President Nana Akufo-Addo made the right choice by appointing former Attorney General Martin Amidu as Special Prosecutor, Australian High Commissioner to Ghana, Andrew Barnes, has said.
“… I think the appointment of the Special Prosecutor is a very important thing for Ghana, I think the president has made a great choice there, I think he’s [Amidu] an independent person and he’s known to be tough and fearless and non-partisan, and I think that once he starts getting underway, the signal will be sent to Ghanaians that corruption is not cost-free, that you can’t engage in corrupt behaviour and expect to get away with it.
“I think that’s going to be a very important turning point for Ghana, I think the law of the Special Prosecutor will be pretty cool for that,” Mr Barnes told Dr Etse Sikanku on Class91.3FM’s World Affairs programme.
He also said it was important that the media in Ghana improved their game and got tough at fighting corruption by holding government officials to account.
“I’ll say to you as a journalist that a strong fourth estate is critical and I think probably that Ghana’s media is not tough enough, it needs to be stronger, and one thing that we do have in Australia is a very tough, independent and fearless media. Are the journalists going hard?
“They are a very important part of the accountability process and keeping the ministers and the government and senior public servants accountable and honest, and I think that probably Ghana needs to improve its media a bit more, particularly investigative journalists”.
Mr Barnes acknowledged that “there’ve been some well-known, successful, important cases of investigative journalism here in Ghana in the recent years that have really been very important and good but there could be a lot of more I think.”
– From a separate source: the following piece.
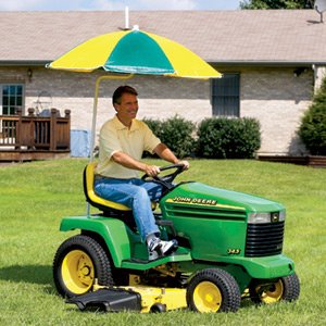The Tri-City Herald reports officers in Washington state responding to a burglary call Tuesday morning found a 31-year-old man riding the mower in the street, pulling a trailer of other lawn care equipment.

In his view, the touch-and-go attitude of the media allows corruption to fester.
“It seems to me that the press might grab a story for a day or two and then lose interest and not follow up and people are left off the hook that way”, he said.
Mr Barnes’ observations about the Ghanaian media come just days after Ghanaian pastor and motivational speaker, Dr Mensa Otabil, said the media in Ghana are so “depressing” and full of “mediocrity” – a situation, he said, compels him to prefer watching foreign TV channels that show documentaries about animals, to wasting his time listening to local radio or watching local TV stations.
The founder of the International Central Gospel Church (ICGC) told his congregation on Sunday, 4 March during the church’s 34th anniversary service that rather than focusing on discussing and finding solutions to the numerous problems confronting the country, Ghanaian media choose to wallow in ceaseless political discussions all-year round.
“ … If you listen to our national conversations, you wonder: are we serious? We eat and drink politics.
“Turn on radio; here [Ghana], there is no political vacation. From the time the vote is cast to the time the next vote is cast, we argue politics morning, afternoon, evening.
“Check all your top radio talk shows, take politics out and they have nothing to talk about again. I won’t even say take politics out, take NPP and NDC out – just say this morning, no NPP, no NDC, there’ll be no conversation because we can’t even think beyond two parties, we can’t think any ideas, we can’t think solutions and we are driving ourselves into this abyss of hopelessness,” Pastor Otabil bemoaned.
He said to avoid polluting himself with the content churned out by local media, he hardly pays attention to them.
“I don’t listen to Ghanaian radio much, I will listen maybe for 15 minutes and shut off because it’s very depressing. It will contaminate your soul.
“I don’t watch Ghanaian TV much. I watch a little – one, two, three – and I say: ‘Oh, nothing has changed, go back’.
“I will watch animals, I’ll watch cheetah, I’ll watch lion, I’ll watch antelope anytime, I’ll watch cheetahs anytime, I’ll watch giraffes anytime because, at least, they’ll tell me how to hunt, how to get your goal, how to avoid being eaten. I’ll learn that from the antelope. At least, I’d come back and say: ‘Nobody will eat me’. But you [listen to] Ghanaian radio, watch Ghanaian TV and you wonder: ‘are we still here; the mediocrity?’”
In Dr Otabil’s opinion, the quality of Ghanaian media has sunk to the lowest standard and still sinking.
“The excellence that we used to have is all gone down. Instead of raising the bar higher, we’ve lowered it and lowered it and every time we lower it lower and lower and lower and lower and we have huge problems.
“I don’t mind if Americans don’t talk about serious things, they have solved part of their problems. I don’t mind if Germans decide to joke with their destiny and the British decide to joke, but we have no choice – what kind of joke – because we are in a huge mess,” he observed.